Nesse contexto, é natural que se levantem dúvidas relativamente à obra desse complexo autor. Salvo-Conduto é um livro particularmente relevante para esse fim, pois revela a pureza de propósitos dum jovem artista e o seu estilo sóbrio, embora marcante e característico. Salvo-Conduto é um relato lúcido, ainda que emotivo, dum percurso intelectual, desde a infância, multi-linguística no seio duma família judia convertida de artistas (o pai era um conhecido pintor e professor de pintura e escultura, a mãe pianista), até a maturidade enquanto autor nas primeiras décadas que sucederam a revolução bolchevique.

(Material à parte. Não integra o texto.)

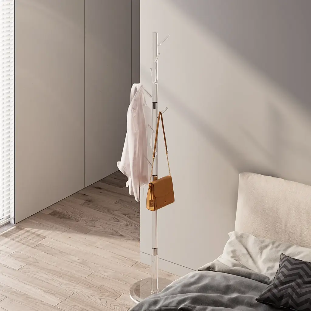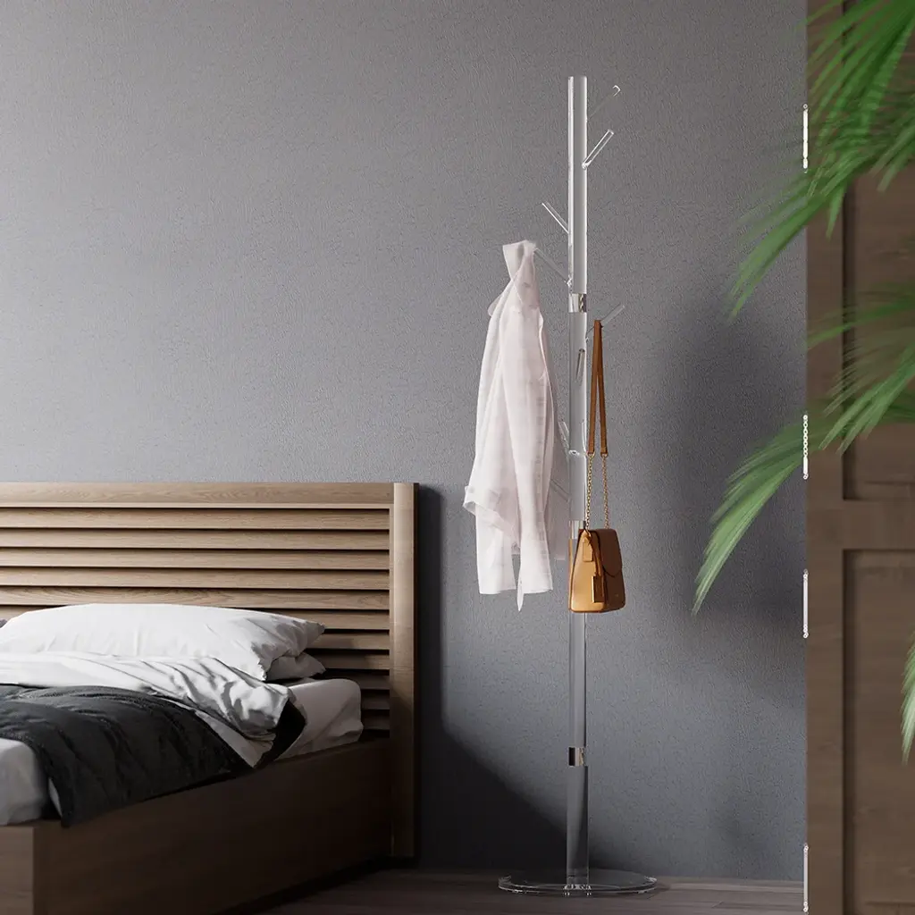 Minimalist Clear Tree Coat Rack Stand Acrylic Coat Hanger Stand With 8 Hooks

A família Pasternak era muito bem relacionada com o meio artístico moscovita no início do século XX, e entre os visitantes regulares encontravam-se, Sergei Rachmaninoff, Alexander Scriabin e Rainer Maria Rilke. A primeira aspiração de Boris foi a de ser compositor, porém depois de apresentar algumas peças de sua composição a Scriabin, este aconselhou-o a continuar seus estudos de música, mas não sem procurar obter uma formação universitária complementar. O jovem Boris decidiu-se então pela filosofia e esta inclinação levou-o e estudar de 1910 a 1914 com Hermann Cohen e Nicolai Hartmann, conhecidos neo-kantianos da escola de Marburgo. De volta à Rússia, decide-se definitivamente pela carreira literária, mais ligada à poesia, e por meio desta associa-se aos autores e artistas mais influentes do período pós-revolucionário: Anna Akhmatova, Osip Mandelstam, Sergei Eisenstein, Vladimir Maiakovsky, entre outros.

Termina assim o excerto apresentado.